The butchers were using a parody of our prayer and meditation to promote the slaughter of innocent creatures, and one of our most basic tenets is mercy to all living beings. To object to someone using our form of prayer to blaspheme our principles is not a matter of political correctness. Would one want the crucifix and outward features of Christian worship used to advertise hatred and greed, principles against the very core of Jesus' teachings? Or would you want a company using a caricature of you to promote a cause that is antithetical to your most basic ideals?

Such behavior is practically a form of libel, as the advertising appears to have you endorse what is being advertised, when the opposite is the case.

Ricky V. writes:

I agree with the kindergarten teacher who didn't allow that kid to give treats with strings attached to classmates. Why was there a prayer attached to a bag of jellybeans? You can't buy such bags at Wal-Mart, so there was a hidden purpose to this treat.

It was a way to spread a certain opinion or religious belief. It was a coldhearted marketing ploy. What are we teaching these kids? Your classmates who do not share your views are ignorant and only you can save them? What's next? Kids with gay parents giving out pink jellybeans and the message "It's OK to be gay"?

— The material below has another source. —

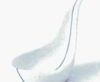
75-404-35 930円 呉須ラインレンゲ珍味(10×6.3)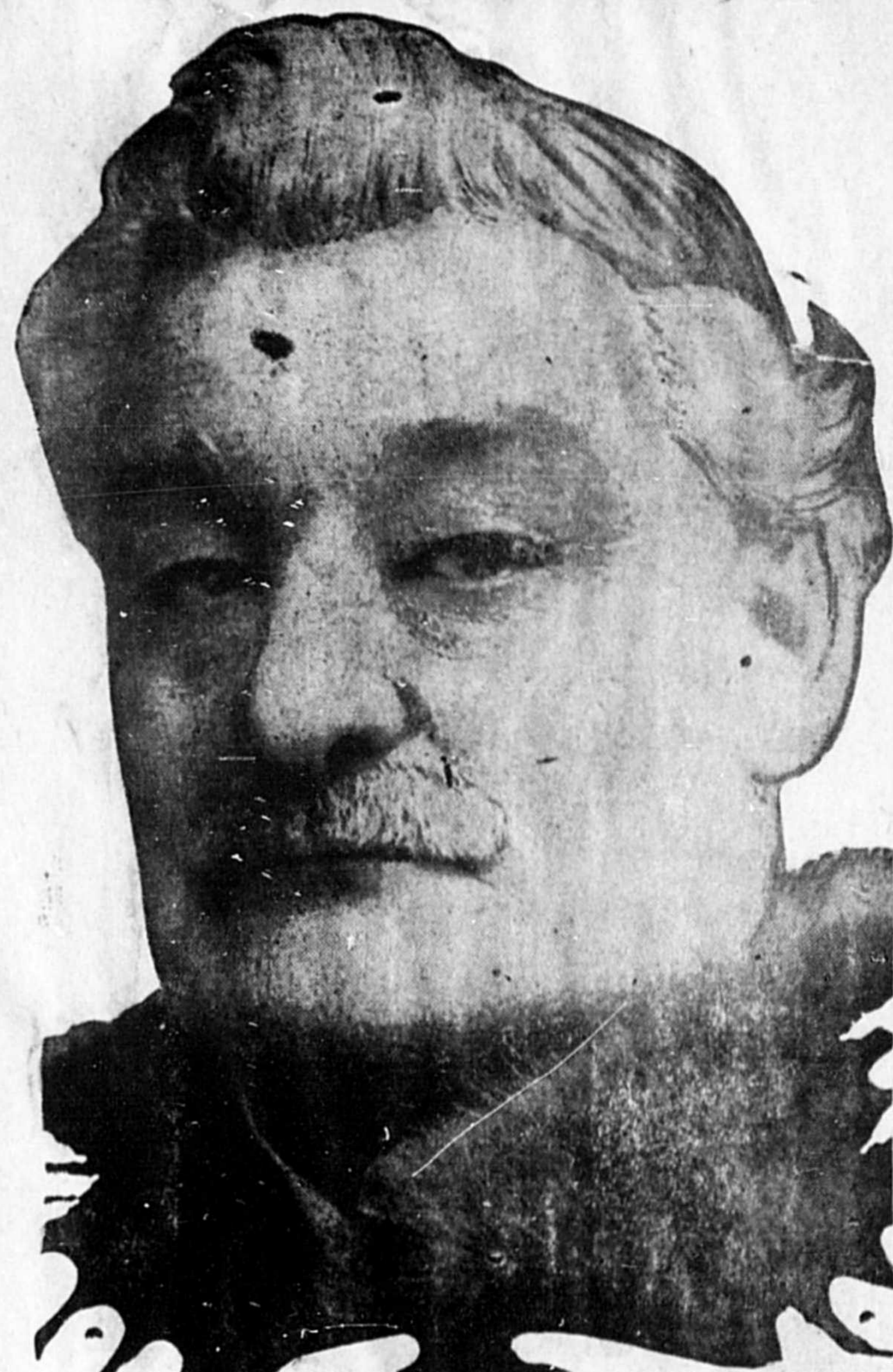
Mount Royal Breweries Limited

I'm a member of the pagan Church of Fandel. Am I allowed to spread my message in kindergartens? Kids are inundated with commercials when they watch television. Keep commercials out of kindergartens.

The Rev. Michael J. writes:

What's the big deal with the Church of England using the term "magi?" All good translations of the Bible -- New International Version, New Revised Standard Version, etc -- use the term "magi." It's the most accurate translation. They certainly weren't "kings," and Matthew never mentions how many there were, except that he refers to them in the plural, so there was more than one. Might have been a dozen or more.

The "King James" version of the Bible was a wonderful accomplishment for its time. It gave the people a Bible they could read in the language they used every day. However, we no longer use that language, and the fact is, the King James is not a very good translation. It was pretty good for 400 years ago, but not for today. It's time people quit believing that Jesus spoke in King James English.

Bruce writes:

Unlike the other buffoons who write in to complain about your column, I say, "Bravo!" Clearly, given the vitriol of some of these complaints/criticisms, your column is striking a little too close to home than these liberal twits would like.